**Records from a dataset**:
################

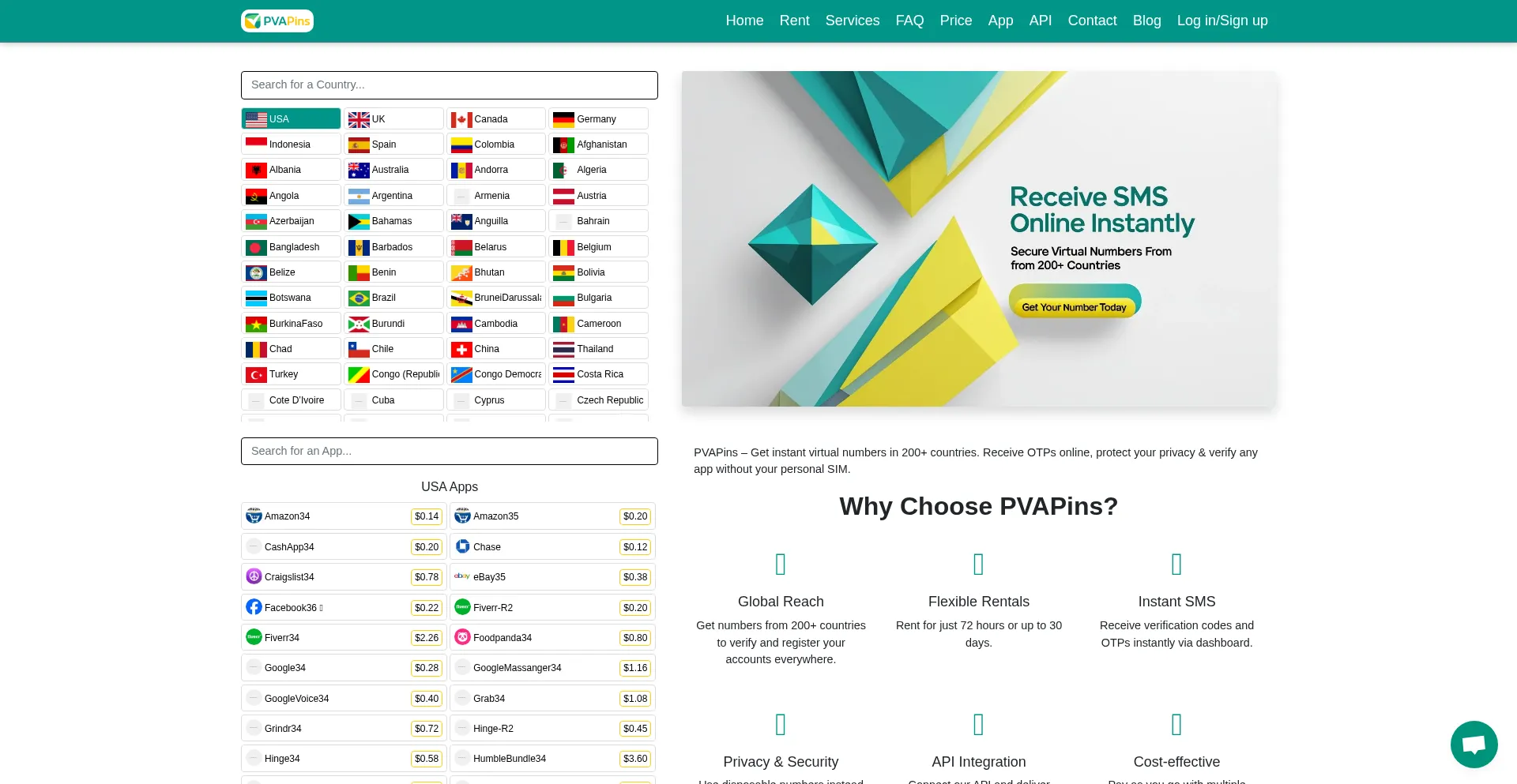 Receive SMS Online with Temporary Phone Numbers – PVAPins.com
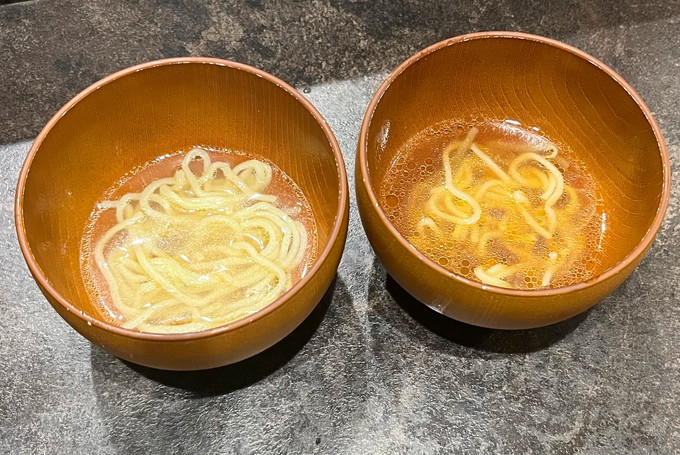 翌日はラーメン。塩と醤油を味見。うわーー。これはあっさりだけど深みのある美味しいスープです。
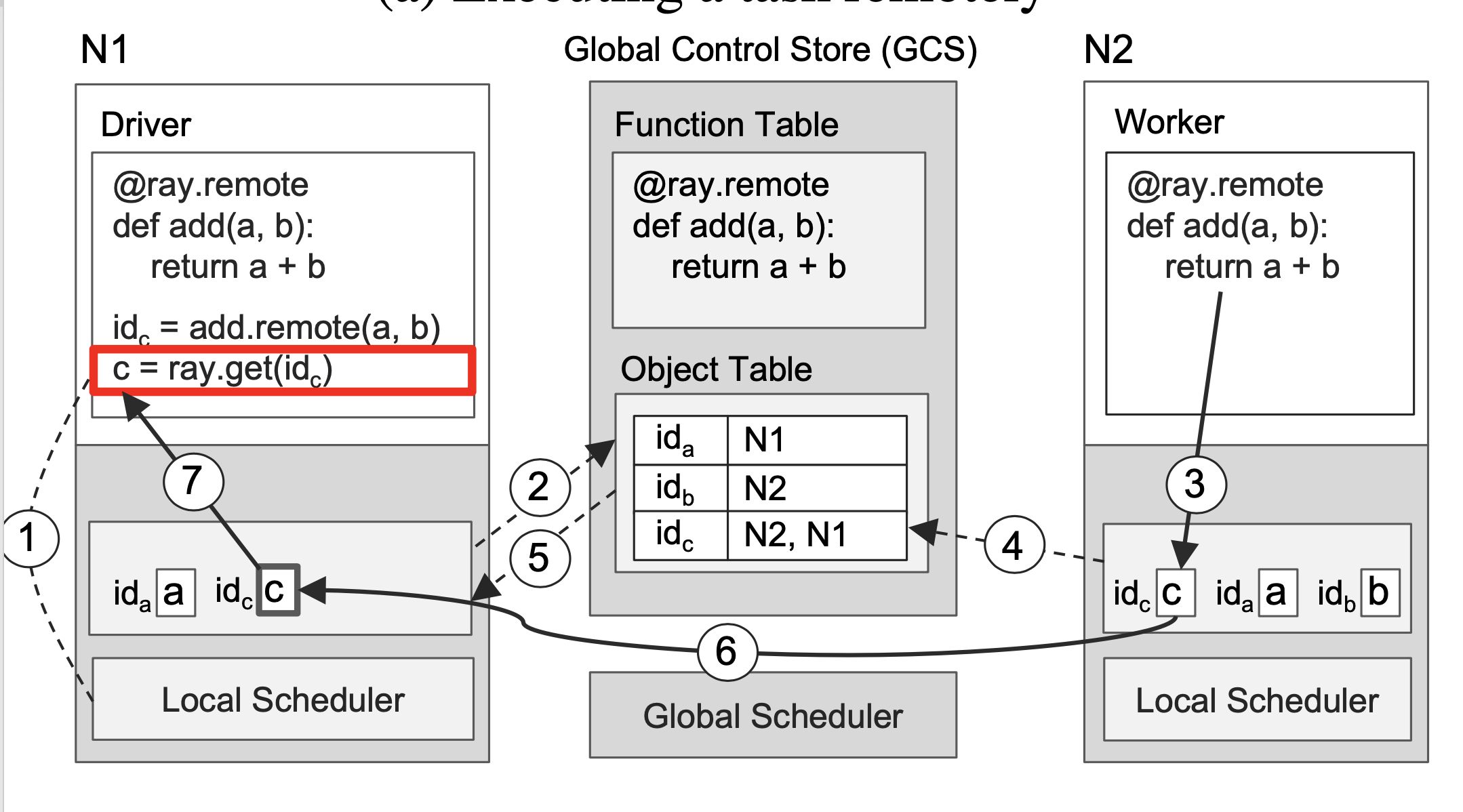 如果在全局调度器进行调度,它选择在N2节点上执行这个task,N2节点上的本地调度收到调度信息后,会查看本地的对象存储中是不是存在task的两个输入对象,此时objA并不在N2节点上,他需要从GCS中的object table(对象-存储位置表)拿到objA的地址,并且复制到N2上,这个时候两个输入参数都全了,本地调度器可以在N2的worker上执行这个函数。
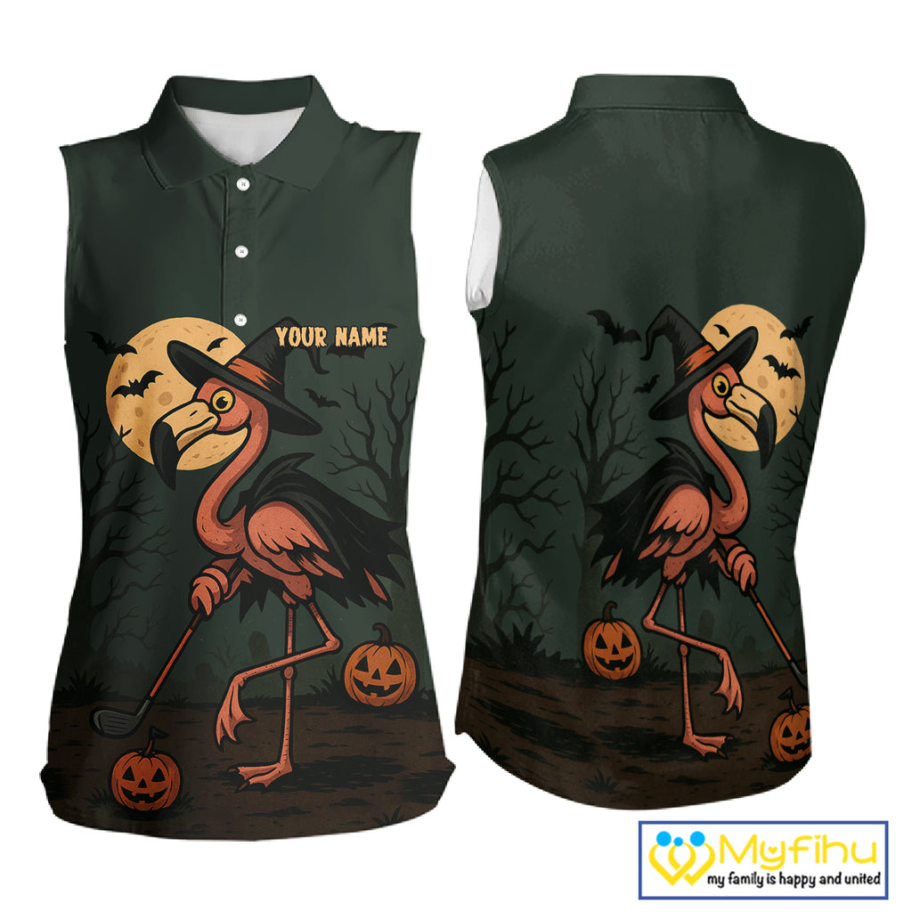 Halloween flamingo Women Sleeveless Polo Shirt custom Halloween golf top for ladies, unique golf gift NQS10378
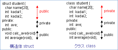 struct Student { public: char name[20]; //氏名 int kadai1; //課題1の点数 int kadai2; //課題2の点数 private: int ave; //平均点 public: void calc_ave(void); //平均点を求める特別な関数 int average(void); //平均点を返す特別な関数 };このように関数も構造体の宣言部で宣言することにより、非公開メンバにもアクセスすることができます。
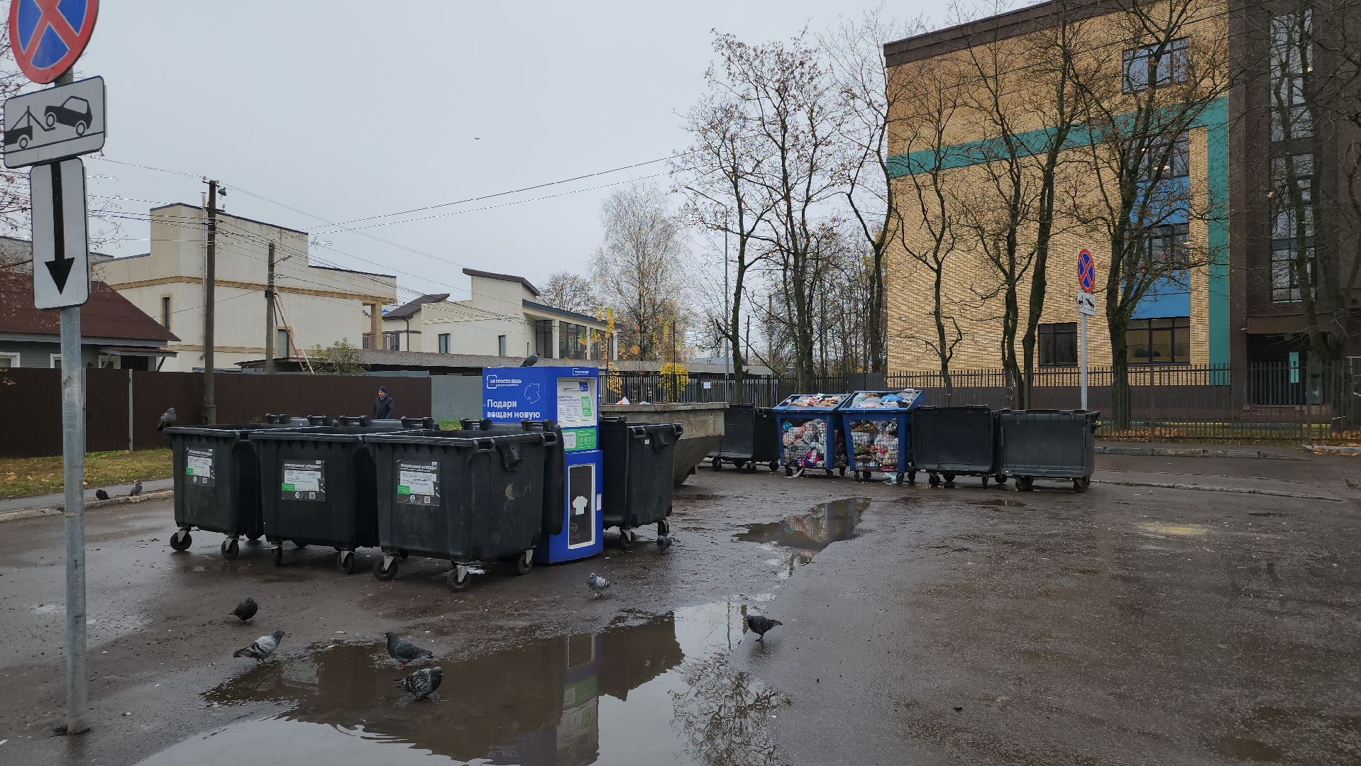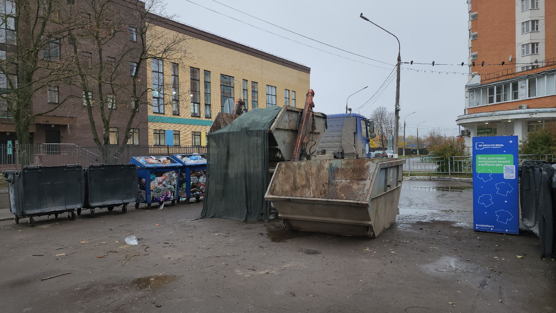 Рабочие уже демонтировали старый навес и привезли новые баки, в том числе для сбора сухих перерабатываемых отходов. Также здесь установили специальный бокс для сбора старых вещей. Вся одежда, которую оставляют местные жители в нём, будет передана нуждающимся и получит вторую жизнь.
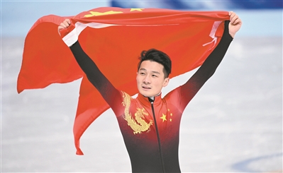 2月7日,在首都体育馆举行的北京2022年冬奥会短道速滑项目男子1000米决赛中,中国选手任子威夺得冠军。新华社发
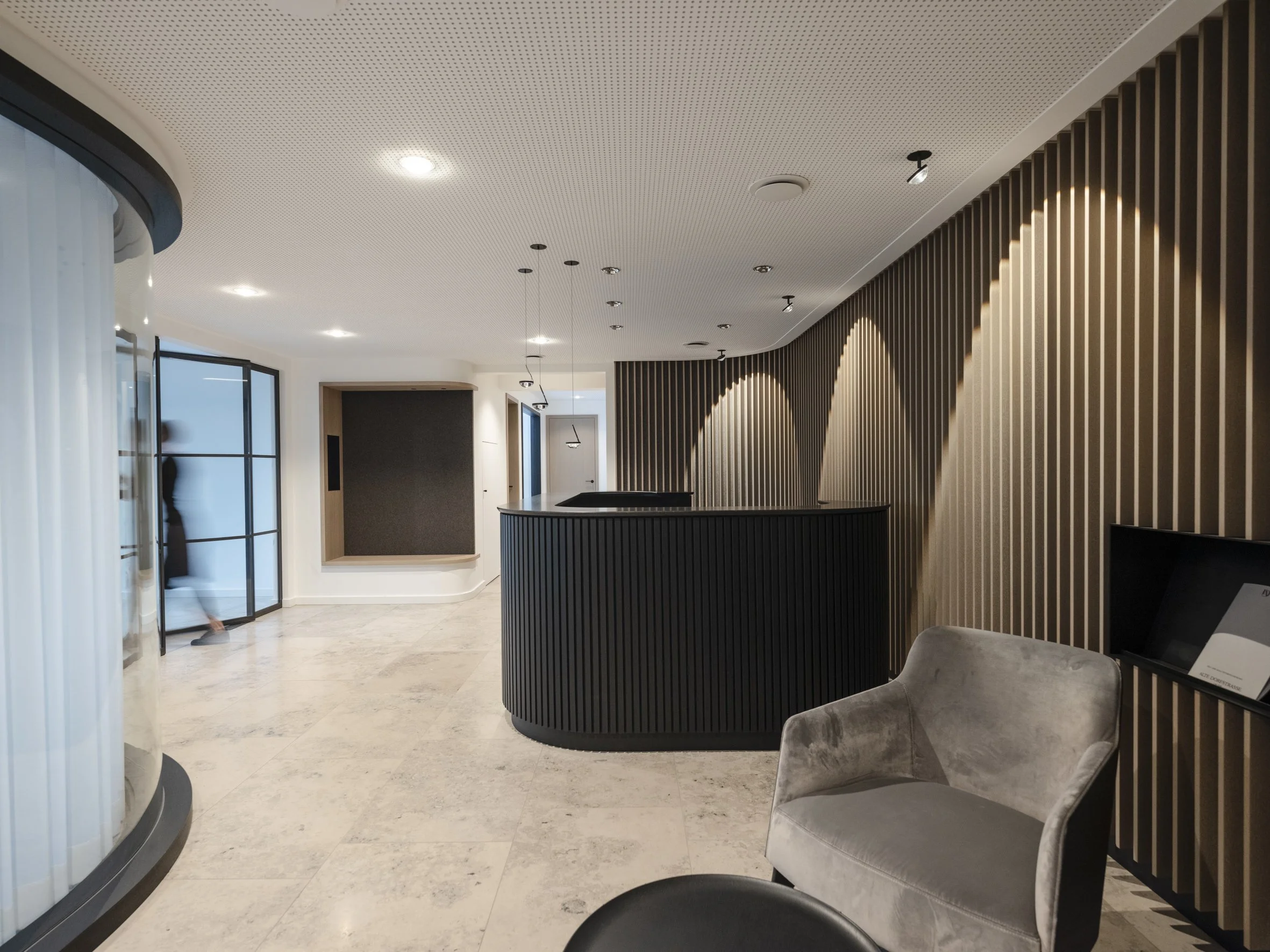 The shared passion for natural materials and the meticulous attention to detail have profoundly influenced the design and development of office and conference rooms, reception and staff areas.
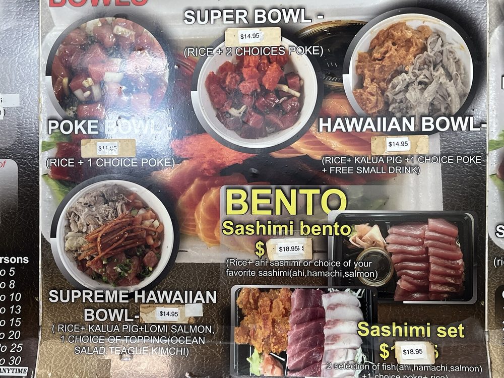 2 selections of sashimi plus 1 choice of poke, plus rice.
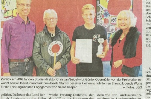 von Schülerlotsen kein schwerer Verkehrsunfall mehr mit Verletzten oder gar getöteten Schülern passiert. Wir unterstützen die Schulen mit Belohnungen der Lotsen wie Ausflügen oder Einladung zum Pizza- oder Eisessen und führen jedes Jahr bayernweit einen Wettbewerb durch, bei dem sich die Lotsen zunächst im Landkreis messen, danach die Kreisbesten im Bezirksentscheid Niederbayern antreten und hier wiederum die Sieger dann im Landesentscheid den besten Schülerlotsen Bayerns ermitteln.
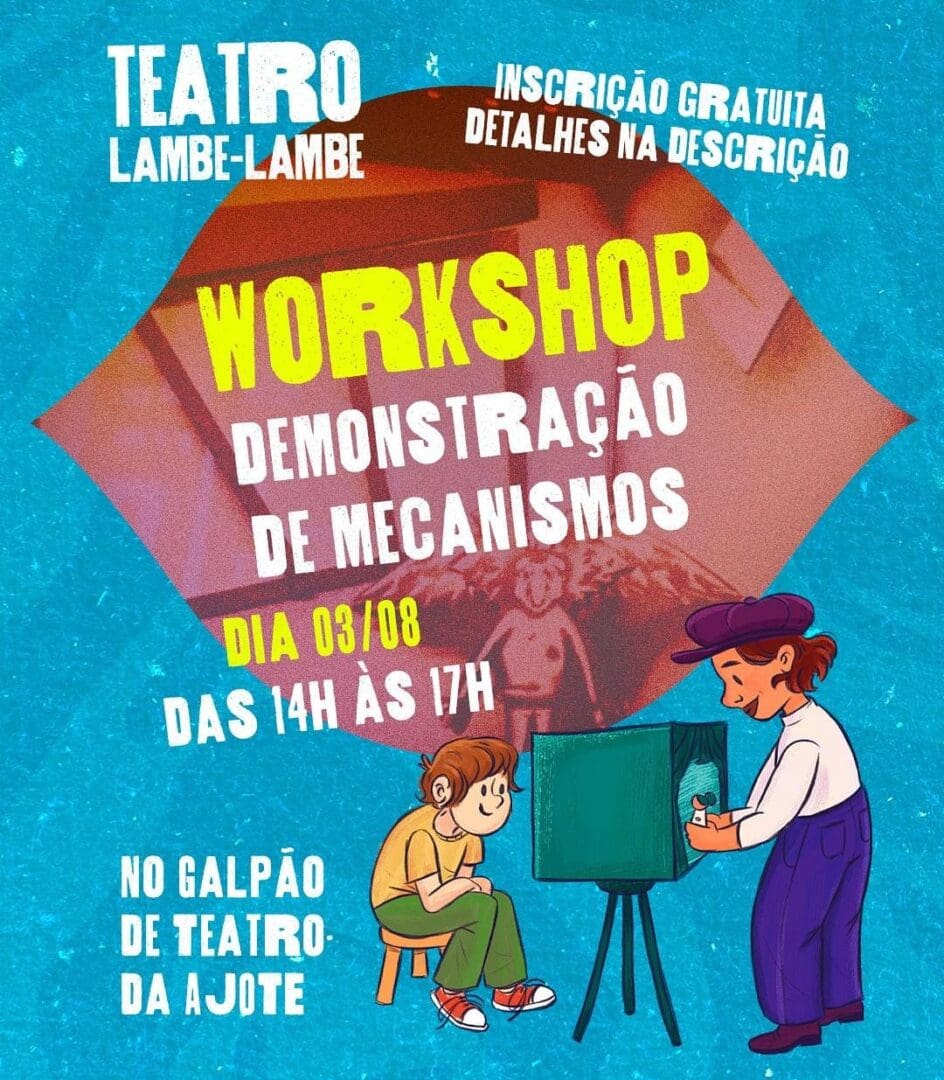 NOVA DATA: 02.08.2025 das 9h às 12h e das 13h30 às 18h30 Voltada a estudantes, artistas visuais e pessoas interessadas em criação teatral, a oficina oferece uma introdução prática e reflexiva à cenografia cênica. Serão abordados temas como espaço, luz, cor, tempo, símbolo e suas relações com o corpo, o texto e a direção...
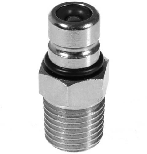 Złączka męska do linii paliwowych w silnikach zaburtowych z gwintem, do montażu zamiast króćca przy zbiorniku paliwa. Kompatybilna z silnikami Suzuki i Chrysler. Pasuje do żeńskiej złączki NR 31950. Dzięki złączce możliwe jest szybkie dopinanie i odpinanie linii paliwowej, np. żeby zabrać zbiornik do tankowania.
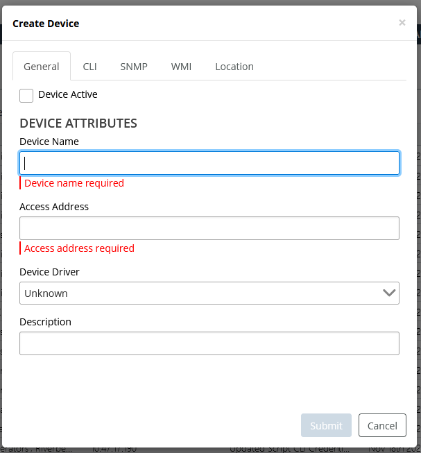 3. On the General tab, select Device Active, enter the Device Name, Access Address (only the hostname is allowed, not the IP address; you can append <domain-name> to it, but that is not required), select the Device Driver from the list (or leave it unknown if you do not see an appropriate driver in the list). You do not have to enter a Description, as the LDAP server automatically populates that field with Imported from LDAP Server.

################

**Directions for this task**:
The answer must be the lines above from the one containing "翌日はラーメン。塩と醤油を味" through the one containing "von Schülerlotsen kein", reproduced exactly, with no pictures and nothing else.

**Solution for this task**:
 翌日はラーメン。塩と醤油を味見。うわーー。これはあっさりだけど深みのある美味しいスープです。
 如果在全局调度器进行调度,它选择在N2节点上执行这个task,N2节点上的本地调度收到调度信息后,会查看本地的对象存储中是不是存在task的两个输入对象,此时objA并不在N2节点上,他需要从GCS中的object table(对象-存储位置表)拿到objA的地址,并且复制到N2上,这个时候两个输入参数都全了,本地调度器可以在N2的worker上执行这个函数。
 Halloween flamingo Women Sleeveless Polo Shirt custom Halloween golf top for ladies, unique golf gift NQS10378
 struct Student { public: char name[20]; //氏名 int kadai1; //課題1の点数 int kadai2; //課題2の点数 private: int ave; //平均点 public: void calc_ave(void); //平均点を求める特別な関数 int average(void); //平均点を返す特別な関数 };このように関数も構造体の宣言部で宣言することにより、非公開メンバにもアクセスすることができます。
 Рабочие уже демонтировали старый навес и привезли новые баки, в том числе для сбора сухих перерабатываемых отходов. Также здесь установили специальный бокс для сбора старых вещей. Вся одежда, которую оставляют местные жители в нём, будет передана нуждающимся и получит вторую жизнь.
 2月7日,在首都体育馆举行的北京2022年冬奥会短道速滑项目男子1000米决赛中,中国选手任子威夺得冠军。新华社发
 The shared passion for natural materials and the meticulous attention to detail have profoundly influenced the design and development of office and conference rooms, reception and staff areas.
 2 selections of sashimi plus 1 choice of poke, plus rice.
 von Schülerlotsen kein schwerer Verkehrsunfall mehr mit Verletzten oder gar getöteten Schülern passiert. Wir unterstützen die Schulen mit Belohnungen der Lotsen wie Ausflügen oder Einladung zum Pizza- oder Eisessen und führen jedes Jahr bayernweit einen Wettbewerb durch, bei dem sich die Lotsen zunächst im Landkreis messen, danach die Kreisbesten im Bezirksentscheid Niederbayern antreten und hier wiederum die Sieger dann im Landesentscheid den besten Schülerlotsen Bayerns ermitteln.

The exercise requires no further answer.